Ich bin nicht zuständig, will mir auch keine Kompetenzen anmaßen, an denen ich nicht interessiert bin, ich habe lediglich Text-Arbeit/Hilfestellung angeboten, was ich mir künftig ganz sicher besser überlegen werde! Servus und gute Nacht - herziblatti.
 
A

aligaga

Gast
Hallo @Mistralgitter,

wenn man die hübsch geschriebene Episode bis zum Ende durchhat, grübelt man, warum wir hier über den Schriftsteller zwar allerlei Äußerlichkeiten erfahren, die der ZuhörerIn ins Aug springen, aber rein gar nichts über dessen Text (ein bisschen unlogisch erscheint, dass man in dem schlechten Licht den Status der Maniküre erheben kann und dass ein Gewölbekeller so hoch sei, dass er eine Bühne vertrüge).

Die HörerIn scheint nicht wegen eines Werkes, sondern wegen der Person gekommen zu sein, die sie zudem vorher schon kannte.

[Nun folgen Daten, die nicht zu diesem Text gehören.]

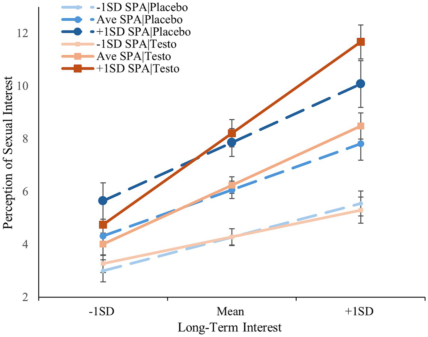 Men’s perception of sexual interest as a function of drug-treatment, self-perceived attractiveness, and their long-term interest. Error bars represent standard errors. SPA, self-perceived attractiveness.
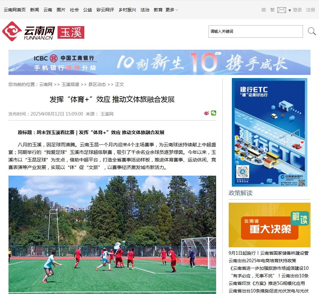 八月的玉溪,因足球而沸腾。云南玉昆一个月内迎来4个主场赛事,为云南球迷持续献上中超盛宴;同期举行的“我爱足球”玉溪市足球超级联赛,吸引了千余名业余球员逐梦绿茵。今年以来,玉溪市以“玉昆足球”为支点,借助中超平台,打造全省赛事活动样板,推进体育赛事、运动休闲、竞赛表演等产业发展,实现以“体”促“文旅”,以赛事经济激发城市新活力。
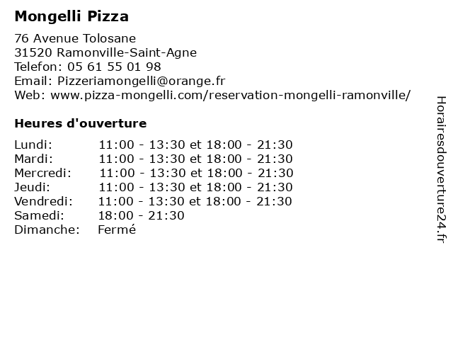 | Mardi | 11:00-13:30 et 18:00-21:30 |
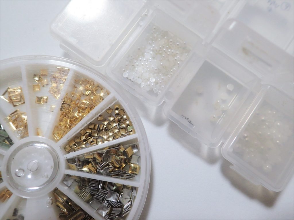 ネイルシールだけでもいいのですが、アクセントに中央には極小スタッズをプラス。シールだけよりは存在感がアップします!
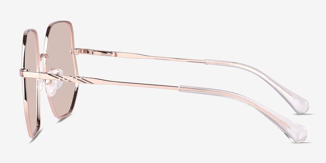 Say hello to Hustle, an oversized frame that’s a throwback to the unapologetic glamor of the 70s. Boasting bold, square frames, these rose gold beauties feature contrasting white temple tips for added flair. Crafted from durable metal, they come with spring hinges for comfort and adjustable nose pads for a custom fit.
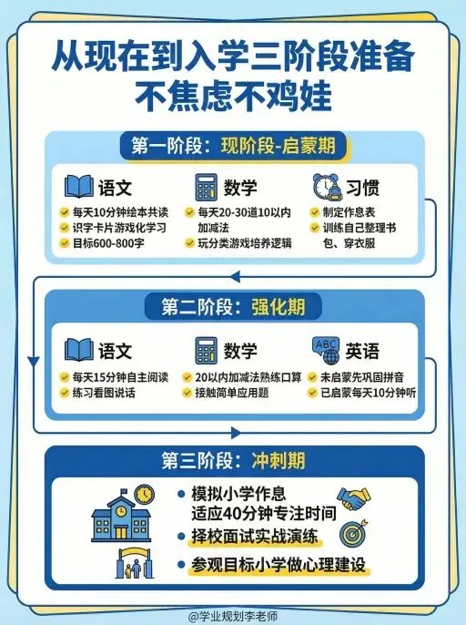 5、从现在到入学,分三个阶段准备,不焦虑不鸡娃。

Jedenfalls hatte sie einen Schriftwechsel mit dem Typen, wobei der ihr persönliche Umstände mitteilte und mit seinen Radfahrkünsten prahlte.

Eine Internet-Bekanntschaft? Eine Art "Blind Date"? Ein "Autoren-Treffen"?

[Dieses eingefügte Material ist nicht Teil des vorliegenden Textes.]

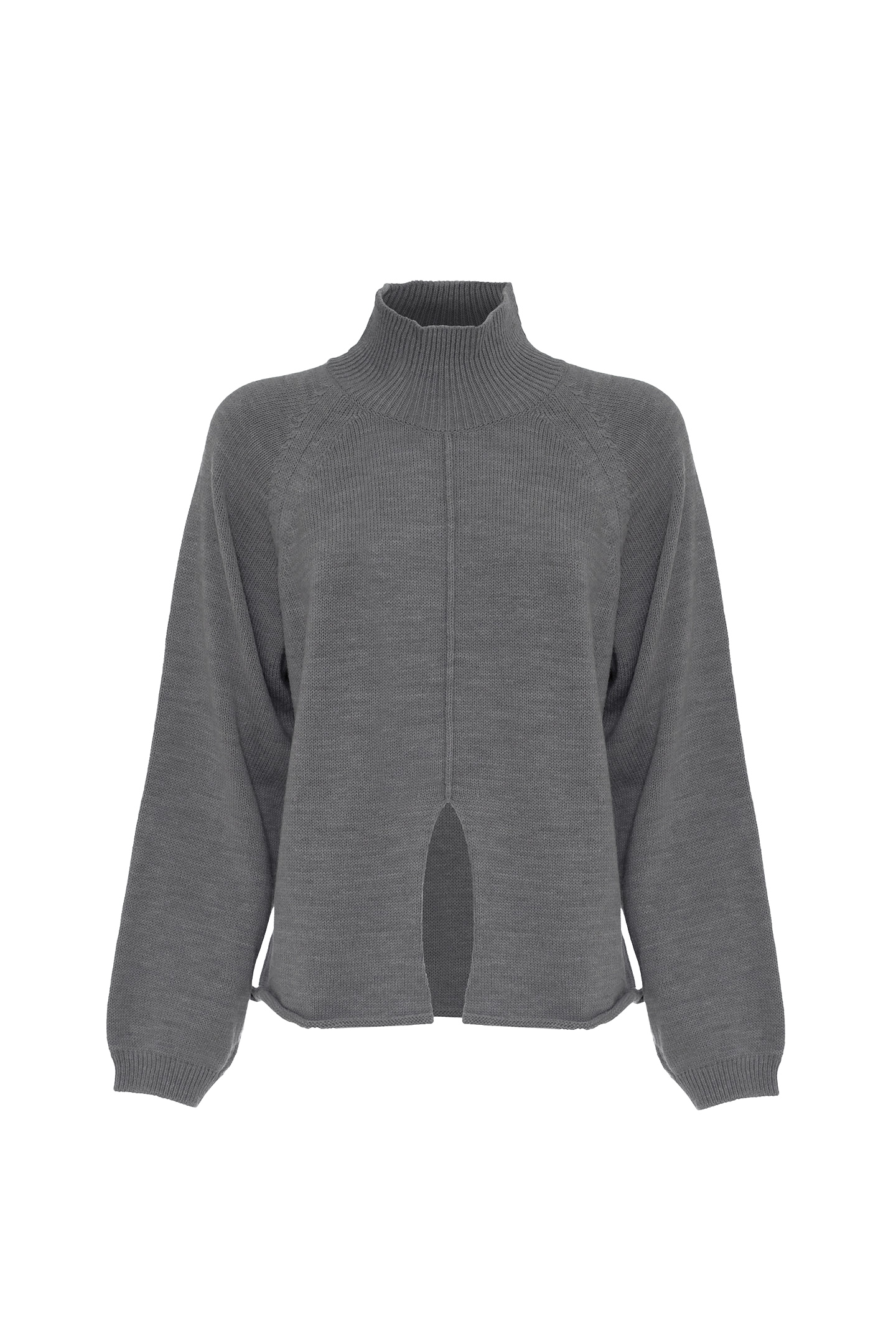 WOOL BLEND SHAVED YARN PULLOVER WITH HIGH RIBBED COLLAR. SOFT DESIGN WITH RAGLAN SLEEVES AND CLEAN CUT ON THE FRONT THAT ADDS A CONTEMPORARY TWIST. FINISHED WITH RAW CUT BOTTOM. A VERSATILE MUST-HAVE, PERFECT FOR REDEFINING INFORMAL LOOKS WITH STYLE.

Rätselhaft der Ratschlag, die zur Lesung Gekommene solle in einen Radlerverein eintreten. Welcher anerkennenswerte Schriftsteller käme dazu, einem weiblichen Fan einen so abstrusen Vorschlag zu machen? Gruppenzwang statt künstlerischer Freiheit? Gemeinschaftsausflüge nach vorgegebenem Muster statt heiterer Fahrten ins Blaue?

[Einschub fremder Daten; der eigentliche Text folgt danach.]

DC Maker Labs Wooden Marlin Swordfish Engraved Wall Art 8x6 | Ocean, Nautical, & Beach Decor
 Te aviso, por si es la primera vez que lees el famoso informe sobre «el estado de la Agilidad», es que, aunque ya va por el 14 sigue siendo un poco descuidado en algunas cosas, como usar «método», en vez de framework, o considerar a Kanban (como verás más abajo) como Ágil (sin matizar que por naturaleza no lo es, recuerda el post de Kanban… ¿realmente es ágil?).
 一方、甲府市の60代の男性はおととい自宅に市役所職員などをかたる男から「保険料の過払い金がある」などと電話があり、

Tipp, Mistralgitter: Lass die Finger von dem Kerl. Wer jeden Tag mehr als dreißig Kilometer radeln muss, nota bene im Rudel, hat kein lohnendes Ziel vor Augen, sondern ist auf der Flucht. Wahrscheinlich wirklich ein zentralnervöser Nagelbeißer!

Gruß

aligaga
 

Mistralgitter

Mitglied
Hallo aligaga,

zunächst einmal Danke für die Beschäftigung mit meinem Text und für den Kommentar.
Ich bin erst seit dem 07.04.15 in der LL und habe den Text am 09.04.15 eingestellt und wundere mich sehr, dass er so viel Beachtung gefunden hat.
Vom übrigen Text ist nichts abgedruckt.